As of this writing and with the current head, this is not an issue. (As far as I can tell so far.)
As it is, the https://github.com/mawww/kakoune/releases/tag/v2020.09.01 release breaks aspell with other languages.
Someone might say that I'd be better off by taking it up with the distribution maintainers in question.
The problem with this is the following. The official repo from the distribution that provides kakoune, is based on every release of the project.
https://github.com/mawww/kakoune/releases/download/v${pkgver}/kakoune-${pkgver
so, I'm not so sure they will change the above line, anytime soon.For an earlier commit available, there's another package provided by the AUR community which in turn is based on an earlier version of kakoune, which I highly recommend. It didn't seem to have any issue with aspell. @lenormf is the maintainer there.
But now, in order to have a functioning kakoune with aspell, I need to have another package manager, rather than going to the official repo of the distribution, if I wanted to. There's an app for that, as the saying goes.

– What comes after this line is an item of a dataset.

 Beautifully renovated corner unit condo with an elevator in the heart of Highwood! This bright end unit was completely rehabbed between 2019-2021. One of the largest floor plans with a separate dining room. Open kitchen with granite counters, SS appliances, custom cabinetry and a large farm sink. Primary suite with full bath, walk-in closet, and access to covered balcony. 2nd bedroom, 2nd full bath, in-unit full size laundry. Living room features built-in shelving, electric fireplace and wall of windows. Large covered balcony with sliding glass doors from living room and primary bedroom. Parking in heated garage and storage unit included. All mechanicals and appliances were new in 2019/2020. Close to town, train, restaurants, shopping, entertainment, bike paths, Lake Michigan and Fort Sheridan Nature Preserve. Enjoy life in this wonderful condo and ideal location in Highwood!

I also tested and retested it as many times as possible, and I can almost assure you, that aspell with other languages, is not working. I also downloaded the release, compiled it, and no matter what I tried, it seemed to fail every time.
On the other hand, I could flag the package directly with the distro as out of date, or whatever the convention for out of date is. Furthermore, the distribution specifies that, quote, If you notice a package is out-of-date (i.e., there is a newer stable release available), then please notify us using the form below. Do not report bugs via this form!, endquote
But this is ambiguous. What I might consider stable, it may not be for the rest. And viceversa.

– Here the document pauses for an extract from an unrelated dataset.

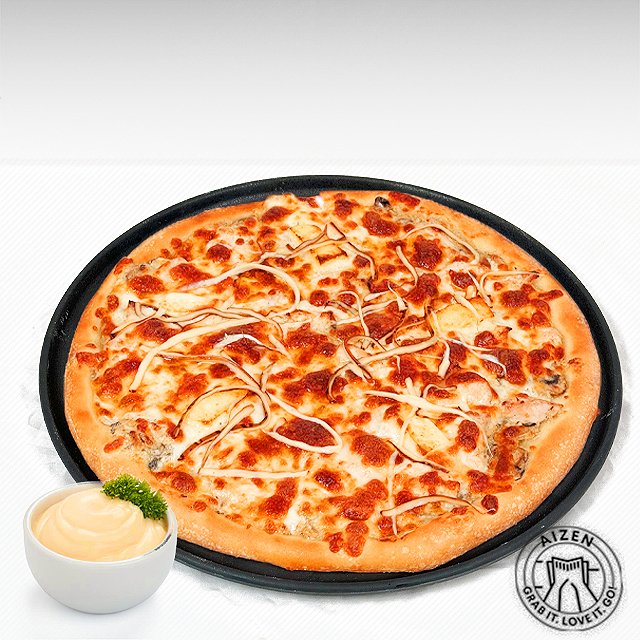 خمیر رومانا استایل 32 سانتی، سس آلفردو، اسلایس سینه مرغ، سس قارچ، پنیر پیتزا، پنیر کبابی، پنیر دودی

And if there's a release, whether is unstable or not, is not applicable here either. For there's none.
The only reason I'm asking for this, is for the simple reason that a release — whatever amount of time it takes — might take months, before becoming available. Right? In the meantime, with the latest release, aspell does not work or works partially, since it breaks identifying other languages installed in the system.